Q: I have created and revised my wills in the past. The issue is that, as a single person, I'm having trouble finding an executor for my will. I don't trust my sister to carry out my instructions and, sadly, I also don't believe my parents would be good either. Other than friends, are there any other options for establishing an executor for your will? I want to make sure I get someone who will carry out my instructions without bias, self-interest, greed or questions. If there aren't any options, what would you suggest given the scenario?

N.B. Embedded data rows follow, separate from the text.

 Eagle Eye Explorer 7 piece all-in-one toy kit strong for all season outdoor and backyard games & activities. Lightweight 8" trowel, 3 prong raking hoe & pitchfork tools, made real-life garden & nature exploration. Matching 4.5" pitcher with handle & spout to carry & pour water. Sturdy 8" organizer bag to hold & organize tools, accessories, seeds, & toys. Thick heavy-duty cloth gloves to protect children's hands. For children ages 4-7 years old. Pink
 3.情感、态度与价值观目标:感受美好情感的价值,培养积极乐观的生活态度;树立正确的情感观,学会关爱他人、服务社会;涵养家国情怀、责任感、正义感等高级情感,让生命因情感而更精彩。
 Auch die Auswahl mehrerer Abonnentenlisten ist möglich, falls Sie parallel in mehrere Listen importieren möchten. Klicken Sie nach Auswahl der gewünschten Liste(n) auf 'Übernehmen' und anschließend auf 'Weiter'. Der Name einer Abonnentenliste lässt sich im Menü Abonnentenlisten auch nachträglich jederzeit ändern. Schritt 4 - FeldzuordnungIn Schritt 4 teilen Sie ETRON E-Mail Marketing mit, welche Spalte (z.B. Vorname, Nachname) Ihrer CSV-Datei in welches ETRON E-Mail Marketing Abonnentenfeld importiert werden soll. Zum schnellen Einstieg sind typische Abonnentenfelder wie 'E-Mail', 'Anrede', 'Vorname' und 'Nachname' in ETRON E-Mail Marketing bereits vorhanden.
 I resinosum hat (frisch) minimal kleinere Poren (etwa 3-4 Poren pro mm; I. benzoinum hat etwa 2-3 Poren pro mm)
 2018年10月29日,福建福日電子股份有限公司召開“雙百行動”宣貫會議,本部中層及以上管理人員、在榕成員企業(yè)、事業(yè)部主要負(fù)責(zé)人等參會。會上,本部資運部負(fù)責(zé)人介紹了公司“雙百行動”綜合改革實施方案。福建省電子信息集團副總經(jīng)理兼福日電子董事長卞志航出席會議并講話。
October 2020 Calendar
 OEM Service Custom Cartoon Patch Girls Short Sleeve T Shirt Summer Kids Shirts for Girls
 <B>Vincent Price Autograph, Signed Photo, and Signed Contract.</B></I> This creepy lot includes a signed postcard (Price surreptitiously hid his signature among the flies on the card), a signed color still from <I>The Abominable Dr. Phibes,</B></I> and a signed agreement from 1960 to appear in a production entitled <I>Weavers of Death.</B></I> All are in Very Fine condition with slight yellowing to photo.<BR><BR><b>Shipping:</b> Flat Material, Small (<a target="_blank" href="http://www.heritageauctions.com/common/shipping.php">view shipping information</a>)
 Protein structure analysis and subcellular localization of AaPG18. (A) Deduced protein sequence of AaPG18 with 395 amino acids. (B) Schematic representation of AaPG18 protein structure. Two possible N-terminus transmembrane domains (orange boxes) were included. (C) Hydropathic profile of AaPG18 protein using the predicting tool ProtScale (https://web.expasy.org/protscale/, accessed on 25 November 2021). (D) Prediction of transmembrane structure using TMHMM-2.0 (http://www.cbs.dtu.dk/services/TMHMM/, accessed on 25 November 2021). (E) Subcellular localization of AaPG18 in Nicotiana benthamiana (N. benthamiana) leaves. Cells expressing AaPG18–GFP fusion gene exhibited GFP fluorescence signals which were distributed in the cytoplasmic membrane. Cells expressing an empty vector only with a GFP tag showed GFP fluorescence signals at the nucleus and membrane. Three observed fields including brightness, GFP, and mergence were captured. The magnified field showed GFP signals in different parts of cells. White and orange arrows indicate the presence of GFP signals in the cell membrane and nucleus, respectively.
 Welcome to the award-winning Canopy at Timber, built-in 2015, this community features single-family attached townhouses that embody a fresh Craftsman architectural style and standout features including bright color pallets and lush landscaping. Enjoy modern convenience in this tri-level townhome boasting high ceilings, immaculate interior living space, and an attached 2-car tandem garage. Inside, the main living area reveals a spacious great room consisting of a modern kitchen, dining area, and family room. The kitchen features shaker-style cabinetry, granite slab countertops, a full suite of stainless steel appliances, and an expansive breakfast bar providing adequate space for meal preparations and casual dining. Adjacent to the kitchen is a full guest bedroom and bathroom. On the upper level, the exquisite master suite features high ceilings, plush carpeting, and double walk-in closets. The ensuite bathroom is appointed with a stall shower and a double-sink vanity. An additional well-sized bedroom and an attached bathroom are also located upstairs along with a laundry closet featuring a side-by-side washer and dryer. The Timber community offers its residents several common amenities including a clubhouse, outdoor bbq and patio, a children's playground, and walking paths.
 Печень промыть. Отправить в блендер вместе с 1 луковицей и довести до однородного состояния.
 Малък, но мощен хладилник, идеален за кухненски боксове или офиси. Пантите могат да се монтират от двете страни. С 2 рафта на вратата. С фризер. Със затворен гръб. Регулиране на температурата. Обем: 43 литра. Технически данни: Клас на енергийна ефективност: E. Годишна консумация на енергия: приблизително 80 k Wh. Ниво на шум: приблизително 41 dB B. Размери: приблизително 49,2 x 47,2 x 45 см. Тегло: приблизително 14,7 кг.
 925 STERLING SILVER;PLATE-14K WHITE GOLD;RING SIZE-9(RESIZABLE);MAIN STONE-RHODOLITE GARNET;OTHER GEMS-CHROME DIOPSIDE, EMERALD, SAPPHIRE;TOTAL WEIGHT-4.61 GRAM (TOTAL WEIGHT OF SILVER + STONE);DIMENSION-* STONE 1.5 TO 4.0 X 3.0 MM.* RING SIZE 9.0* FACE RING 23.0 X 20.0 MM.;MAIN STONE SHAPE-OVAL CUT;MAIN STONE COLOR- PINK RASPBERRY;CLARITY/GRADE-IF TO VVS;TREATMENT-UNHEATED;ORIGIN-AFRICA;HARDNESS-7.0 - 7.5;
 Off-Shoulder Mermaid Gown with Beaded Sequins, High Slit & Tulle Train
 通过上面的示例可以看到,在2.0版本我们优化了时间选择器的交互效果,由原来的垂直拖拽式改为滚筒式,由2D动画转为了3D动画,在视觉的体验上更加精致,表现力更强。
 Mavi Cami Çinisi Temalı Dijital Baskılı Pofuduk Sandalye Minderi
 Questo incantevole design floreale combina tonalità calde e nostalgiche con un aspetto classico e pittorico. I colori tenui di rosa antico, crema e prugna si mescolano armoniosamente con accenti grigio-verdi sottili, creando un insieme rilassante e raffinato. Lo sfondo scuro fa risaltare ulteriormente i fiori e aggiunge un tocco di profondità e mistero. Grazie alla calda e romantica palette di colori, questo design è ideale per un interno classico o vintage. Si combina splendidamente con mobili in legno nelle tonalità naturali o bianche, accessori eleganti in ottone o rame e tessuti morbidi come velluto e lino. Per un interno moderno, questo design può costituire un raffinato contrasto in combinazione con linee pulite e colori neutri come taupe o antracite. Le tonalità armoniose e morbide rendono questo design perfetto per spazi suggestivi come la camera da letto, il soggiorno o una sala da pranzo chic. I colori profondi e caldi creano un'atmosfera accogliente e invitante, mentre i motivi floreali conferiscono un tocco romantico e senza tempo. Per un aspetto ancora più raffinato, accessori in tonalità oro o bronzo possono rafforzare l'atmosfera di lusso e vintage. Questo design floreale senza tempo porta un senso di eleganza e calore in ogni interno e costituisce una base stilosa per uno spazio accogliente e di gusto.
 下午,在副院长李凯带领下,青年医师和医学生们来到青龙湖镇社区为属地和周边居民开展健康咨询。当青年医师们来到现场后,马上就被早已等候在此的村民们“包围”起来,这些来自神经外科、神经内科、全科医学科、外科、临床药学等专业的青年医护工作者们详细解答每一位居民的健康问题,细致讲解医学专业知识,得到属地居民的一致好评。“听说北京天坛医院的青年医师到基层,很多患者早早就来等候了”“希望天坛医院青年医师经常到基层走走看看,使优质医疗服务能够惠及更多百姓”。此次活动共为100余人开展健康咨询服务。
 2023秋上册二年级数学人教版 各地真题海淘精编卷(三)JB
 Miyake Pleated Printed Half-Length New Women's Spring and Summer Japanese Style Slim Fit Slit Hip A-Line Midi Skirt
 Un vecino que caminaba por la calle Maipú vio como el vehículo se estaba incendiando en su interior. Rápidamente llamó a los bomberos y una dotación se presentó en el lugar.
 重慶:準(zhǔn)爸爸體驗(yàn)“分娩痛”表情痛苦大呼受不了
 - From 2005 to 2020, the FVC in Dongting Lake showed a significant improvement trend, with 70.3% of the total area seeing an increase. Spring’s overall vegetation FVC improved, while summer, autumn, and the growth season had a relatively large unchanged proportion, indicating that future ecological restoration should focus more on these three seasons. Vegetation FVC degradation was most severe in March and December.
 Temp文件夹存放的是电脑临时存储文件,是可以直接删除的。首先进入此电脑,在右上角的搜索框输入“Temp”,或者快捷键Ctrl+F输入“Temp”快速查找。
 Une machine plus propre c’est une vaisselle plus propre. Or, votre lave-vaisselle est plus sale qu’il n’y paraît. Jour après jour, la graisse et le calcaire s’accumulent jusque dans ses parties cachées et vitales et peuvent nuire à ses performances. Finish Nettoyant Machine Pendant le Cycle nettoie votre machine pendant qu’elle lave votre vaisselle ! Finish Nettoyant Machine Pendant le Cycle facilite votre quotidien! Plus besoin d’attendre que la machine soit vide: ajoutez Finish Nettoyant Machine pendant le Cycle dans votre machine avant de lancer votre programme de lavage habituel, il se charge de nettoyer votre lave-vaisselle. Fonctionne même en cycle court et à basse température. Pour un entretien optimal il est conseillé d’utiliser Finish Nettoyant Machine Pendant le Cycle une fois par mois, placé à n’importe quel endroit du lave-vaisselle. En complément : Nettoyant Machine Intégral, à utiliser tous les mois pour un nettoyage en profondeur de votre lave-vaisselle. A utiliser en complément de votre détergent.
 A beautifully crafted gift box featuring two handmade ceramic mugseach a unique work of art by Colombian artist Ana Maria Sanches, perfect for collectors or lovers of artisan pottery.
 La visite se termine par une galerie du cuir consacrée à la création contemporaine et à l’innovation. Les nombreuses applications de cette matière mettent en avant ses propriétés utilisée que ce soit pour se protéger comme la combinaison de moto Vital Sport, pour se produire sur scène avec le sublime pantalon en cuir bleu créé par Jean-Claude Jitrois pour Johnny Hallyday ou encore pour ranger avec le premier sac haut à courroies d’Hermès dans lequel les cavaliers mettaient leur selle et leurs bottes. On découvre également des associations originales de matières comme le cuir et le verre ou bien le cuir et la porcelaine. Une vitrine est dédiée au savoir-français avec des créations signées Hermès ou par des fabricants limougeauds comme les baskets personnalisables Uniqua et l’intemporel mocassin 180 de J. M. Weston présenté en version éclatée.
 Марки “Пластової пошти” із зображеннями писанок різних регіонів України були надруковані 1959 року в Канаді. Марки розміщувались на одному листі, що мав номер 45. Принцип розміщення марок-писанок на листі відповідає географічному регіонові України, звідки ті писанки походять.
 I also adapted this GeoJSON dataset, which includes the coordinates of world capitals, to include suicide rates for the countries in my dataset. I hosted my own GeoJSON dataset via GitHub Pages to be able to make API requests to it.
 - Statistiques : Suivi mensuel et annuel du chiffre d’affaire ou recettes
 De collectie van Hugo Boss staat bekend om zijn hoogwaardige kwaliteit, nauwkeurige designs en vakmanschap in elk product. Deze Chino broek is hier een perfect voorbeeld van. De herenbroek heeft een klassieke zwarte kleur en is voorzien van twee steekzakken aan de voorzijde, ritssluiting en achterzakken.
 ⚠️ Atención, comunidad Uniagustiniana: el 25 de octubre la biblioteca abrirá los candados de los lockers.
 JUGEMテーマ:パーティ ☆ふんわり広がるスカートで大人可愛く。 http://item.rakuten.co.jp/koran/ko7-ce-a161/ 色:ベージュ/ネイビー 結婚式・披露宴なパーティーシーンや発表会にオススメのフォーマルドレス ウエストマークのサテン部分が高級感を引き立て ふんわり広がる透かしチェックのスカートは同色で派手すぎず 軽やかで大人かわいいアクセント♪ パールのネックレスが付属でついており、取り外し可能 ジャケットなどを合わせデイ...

I commend you for your foresight in both creating and updating your will. Your advance planning now will likely save your intended beneficiaries time, confusion and angst in the future. As you believe your sister or parents might not be appropriate executors for your will, you still need to choose someone whom you can trust to carry out your wishes. I recommend making sure your selection is amenable to the designation in advance, as this can be a time consuming responsibility.
You have ruled out friends and business associates, so I suggest a reputable lawyer or accountant would be the best solution for you. If your will is complex, there is the added benefit of those professionals’ familiarity with tax, probate and business administration issues. As you are aware, the executor must satisfy any debts owing from your estate, administer appropriate tax filings and estate returns and ensure that your asset distribution plan is followed to the extent most feasible. And while a family member might agree to administer your estate without taking a fee, an executor, in particular when a professional is so designated, is entitled to and will expect to be paid for their services. I suggest you address the parameters of that compensation at the time the executor is designated.
If you still want someone closer to you involved, you can designate co-executors (such as your family member/friend/business associate) and the lawyer/accountant. Finally, I also suggest choosing an alternate executor so that your probate can proceed more smoothly in the event your original executor appointment (if not co-executors) is unable to act as an executor at your death. While a probate court in the absence of an executor may choose an administrator for your estate, this of course lessens your control over ensuring that your wishes are followed as closely as possible.
DISCLAIMER: This publication is distributed with the understanding that it does not constitute legal advice or establish an attorney/client relationship by way of any information contained herein. The information provided is for general purposes only, as readers are advised to consult with a qualified lawyer regarding the specifics of their particular circumstances.